*Task brief*. An exact copy of the data is required. No picture may appear in it.

*Source data*.
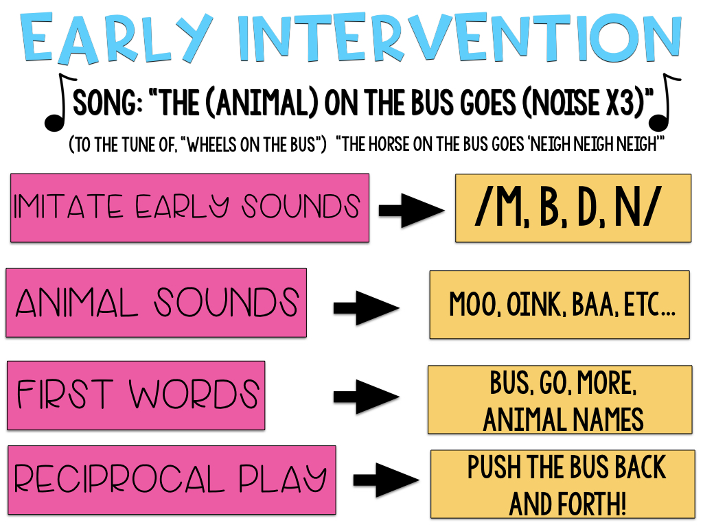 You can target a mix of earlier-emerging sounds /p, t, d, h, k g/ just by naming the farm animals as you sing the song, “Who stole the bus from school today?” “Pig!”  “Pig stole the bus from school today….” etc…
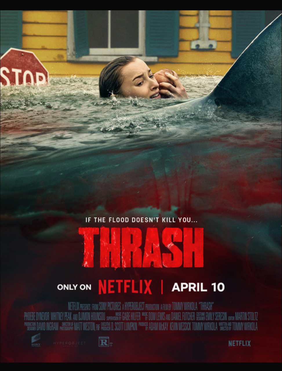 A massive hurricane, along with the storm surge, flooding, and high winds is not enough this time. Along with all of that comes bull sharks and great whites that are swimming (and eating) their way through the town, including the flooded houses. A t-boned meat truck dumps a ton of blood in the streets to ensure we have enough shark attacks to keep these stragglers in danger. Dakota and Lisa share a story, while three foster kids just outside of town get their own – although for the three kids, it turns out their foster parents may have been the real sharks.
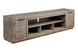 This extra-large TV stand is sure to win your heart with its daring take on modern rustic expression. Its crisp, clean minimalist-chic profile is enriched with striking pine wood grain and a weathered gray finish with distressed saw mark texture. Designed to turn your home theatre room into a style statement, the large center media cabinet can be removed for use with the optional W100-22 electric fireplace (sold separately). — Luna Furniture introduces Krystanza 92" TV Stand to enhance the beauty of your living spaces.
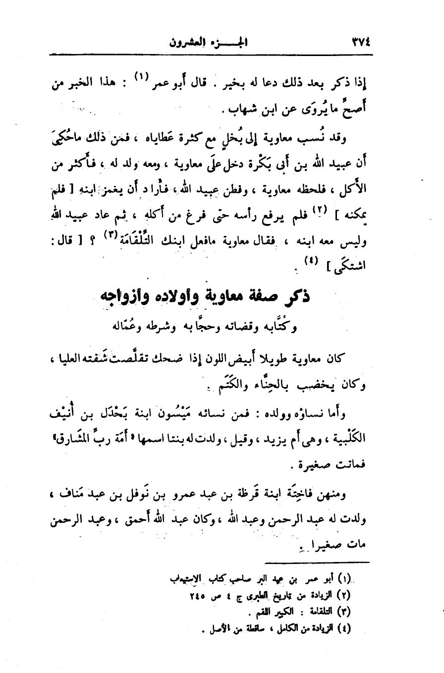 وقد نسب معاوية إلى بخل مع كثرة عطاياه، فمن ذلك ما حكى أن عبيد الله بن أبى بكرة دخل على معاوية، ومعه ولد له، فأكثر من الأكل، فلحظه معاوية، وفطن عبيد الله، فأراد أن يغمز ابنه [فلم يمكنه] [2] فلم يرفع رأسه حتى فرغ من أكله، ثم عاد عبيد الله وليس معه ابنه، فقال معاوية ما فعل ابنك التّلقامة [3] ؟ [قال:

*Answer section*.
 You can target a mix of earlier-emerging sounds /p, t, d, h, k g/ just by naming the farm animals as you sing the song, “Who stole the bus from school today?” “Pig!”  “Pig stole the bus from school today….” etc…
 A massive hurricane, along with the storm surge, flooding, and high winds is not enough this time. Along with all of that comes bull sharks and great whites that are swimming (and eating) their way through the town, including the flooded houses. A t-boned meat truck dumps a ton of blood in the streets to ensure we have enough shark attacks to keep these stragglers in danger. Dakota and Lisa share a story, while three foster kids just outside of town get their own – although for the three kids, it turns out their foster parents may have been the real sharks.
 This extra-large TV stand is sure to win your heart with its daring take on modern rustic expression. Its crisp, clean minimalist-chic profile is enriched with striking pine wood grain and a weathered gray finish with distressed saw mark texture. Designed to turn your home theatre room into a style statement, the large center media cabinet can be removed for use with the optional W100-22 electric fireplace (sold separately). — Luna Furniture introduces Krystanza 92" TV Stand to enhance the beauty of your living spaces.
 وقد نسب معاوية إلى بخل مع كثرة عطاياه، فمن ذلك ما حكى أن عبيد الله بن أبى بكرة دخل على معاوية، ومعه ولد له، فأكثر من الأكل، فلحظه معاوية، وفطن عبيد الله، فأراد أن يغمز ابنه [فلم يمكنه] [2] فلم يرفع رأسه حتى فرغ من أكله، ثم عاد عبيد الله وليس معه ابنه، فقال معاوية ما فعل ابنك التّلقامة [3] ؟ [قال:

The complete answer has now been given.